(Saved entries)

◆ ◆ ◆ ◆ ◆

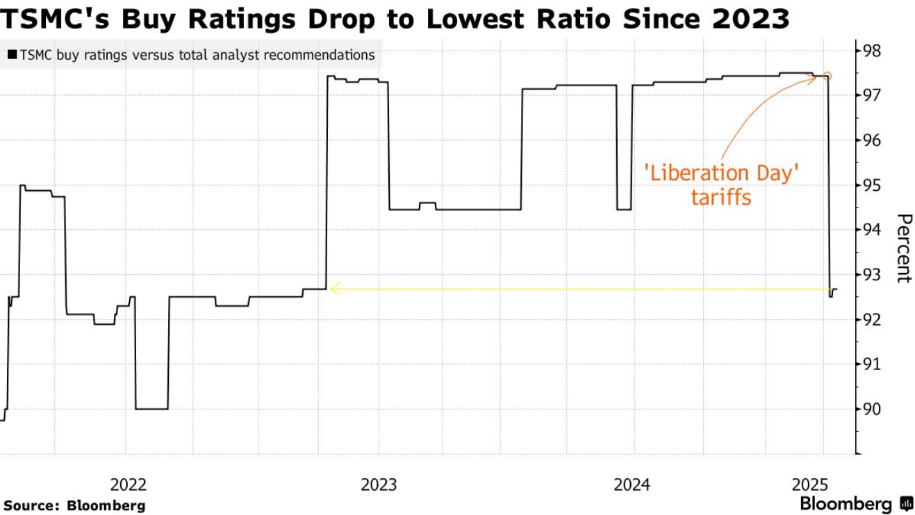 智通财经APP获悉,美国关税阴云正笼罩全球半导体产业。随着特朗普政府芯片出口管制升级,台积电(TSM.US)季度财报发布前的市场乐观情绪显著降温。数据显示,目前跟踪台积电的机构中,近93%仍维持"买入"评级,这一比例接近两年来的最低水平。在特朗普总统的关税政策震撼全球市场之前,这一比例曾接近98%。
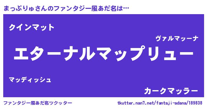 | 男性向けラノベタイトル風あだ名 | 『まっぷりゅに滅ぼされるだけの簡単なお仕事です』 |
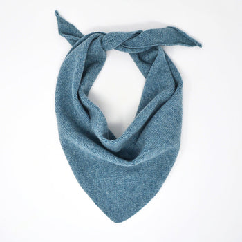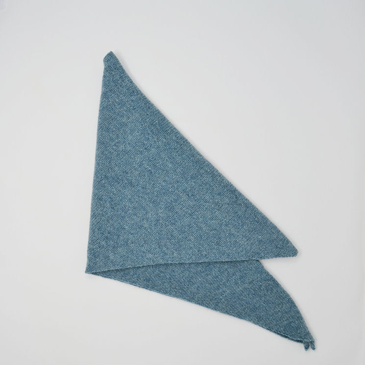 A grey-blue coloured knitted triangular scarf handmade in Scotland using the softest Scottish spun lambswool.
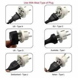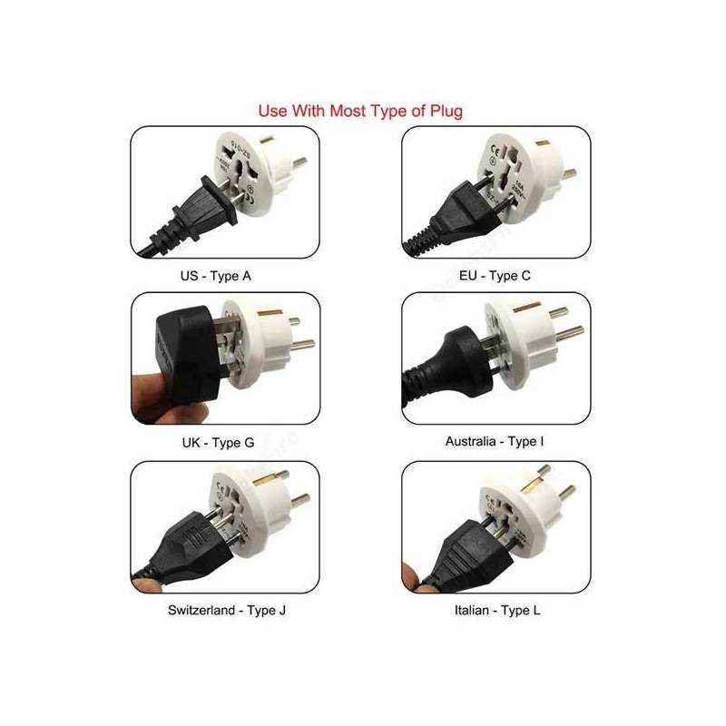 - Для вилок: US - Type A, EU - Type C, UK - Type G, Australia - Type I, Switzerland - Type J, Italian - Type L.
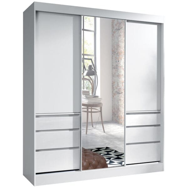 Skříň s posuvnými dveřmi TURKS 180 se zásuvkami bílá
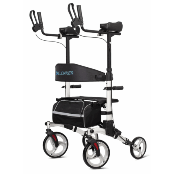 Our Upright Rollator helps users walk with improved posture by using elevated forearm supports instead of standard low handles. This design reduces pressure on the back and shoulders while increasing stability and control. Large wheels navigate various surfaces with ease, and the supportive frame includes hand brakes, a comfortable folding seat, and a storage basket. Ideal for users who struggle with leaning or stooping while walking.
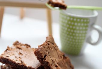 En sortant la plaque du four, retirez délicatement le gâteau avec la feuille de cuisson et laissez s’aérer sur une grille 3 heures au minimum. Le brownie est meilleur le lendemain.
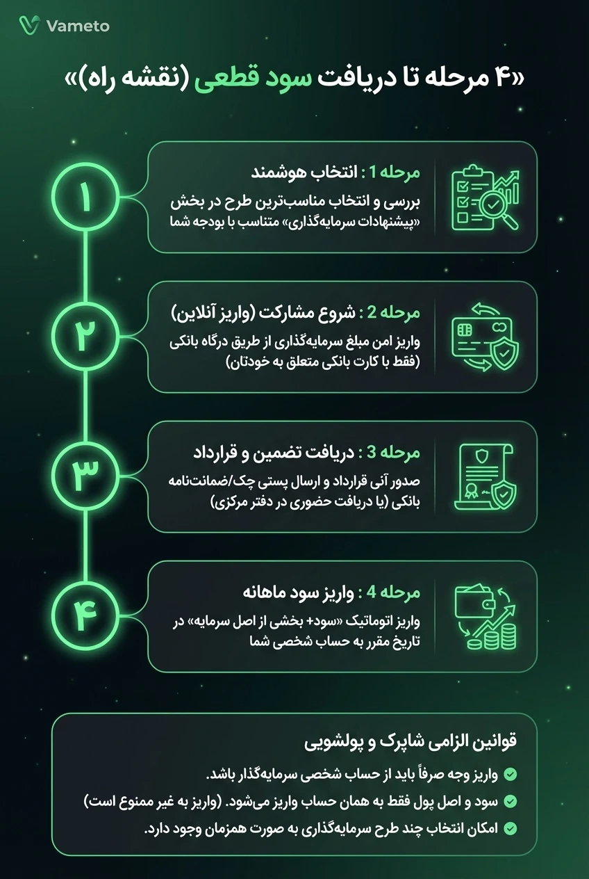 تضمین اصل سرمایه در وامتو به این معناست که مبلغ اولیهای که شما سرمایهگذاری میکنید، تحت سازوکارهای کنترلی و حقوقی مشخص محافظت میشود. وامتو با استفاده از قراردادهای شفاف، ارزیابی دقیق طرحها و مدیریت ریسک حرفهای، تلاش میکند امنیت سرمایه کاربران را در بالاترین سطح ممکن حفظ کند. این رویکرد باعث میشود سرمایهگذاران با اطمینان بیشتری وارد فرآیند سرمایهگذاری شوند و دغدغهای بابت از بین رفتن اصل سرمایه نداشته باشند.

◆ ◆ ◆ ◆ ◆

▶ [DESCRIPTION OF THE TASK] With the images omitted, output all entries exactly as given.

▶ [OUTPUT OF THE EXERCISE]
 智通财经APP获悉,美国关税阴云正笼罩全球半导体产业。随着特朗普政府芯片出口管制升级,台积电(TSM.US)季度财报发布前的市场乐观情绪显著降温。数据显示,目前跟踪台积电的机构中,近93%仍维持"买入"评级,这一比例接近两年来的最低水平。在特朗普总统的关税政策震撼全球市场之前,这一比例曾接近98%。
 | 男性向けラノベタイトル風あだ名 | 『まっぷりゅに滅ぼされるだけの簡単なお仕事です』 |
 A grey-blue coloured knitted triangular scarf handmade in Scotland using the softest Scottish spun lambswool.
 - Для вилок: US - Type A, EU - Type C, UK - Type G, Australia - Type I, Switzerland - Type J, Italian - Type L.
 Skříň s posuvnými dveřmi TURKS 180 se zásuvkami bílá
 Our Upright Rollator helps users walk with improved posture by using elevated forearm supports instead of standard low handles. This design reduces pressure on the back and shoulders while increasing stability and control. Large wheels navigate various surfaces with ease, and the supportive frame includes hand brakes, a comfortable folding seat, and a storage basket. Ideal for users who struggle with leaning or stooping while walking.
 En sortant la plaque du four, retirez délicatement le gâteau avec la feuille de cuisson et laissez s’aérer sur une grille 3 heures au minimum. Le brownie est meilleur le lendemain.
 تضمین اصل سرمایه در وامتو به این معناست که مبلغ اولیهای که شما سرمایهگذاری میکنید، تحت سازوکارهای کنترلی و حقوقی مشخص محافظت میشود. وامتو با استفاده از قراردادهای شفاف، ارزیابی دقیق طرحها و مدیریت ریسک حرفهای، تلاش میکند امنیت سرمایه کاربران را در بالاترین سطح ممکن حفظ کند. این رویکرد باعث میشود سرمایهگذاران با اطمینان بیشتری وارد فرآیند سرمایهگذاری شوند و دغدغهای بابت از بین رفتن اصل سرمایه نداشته باشند.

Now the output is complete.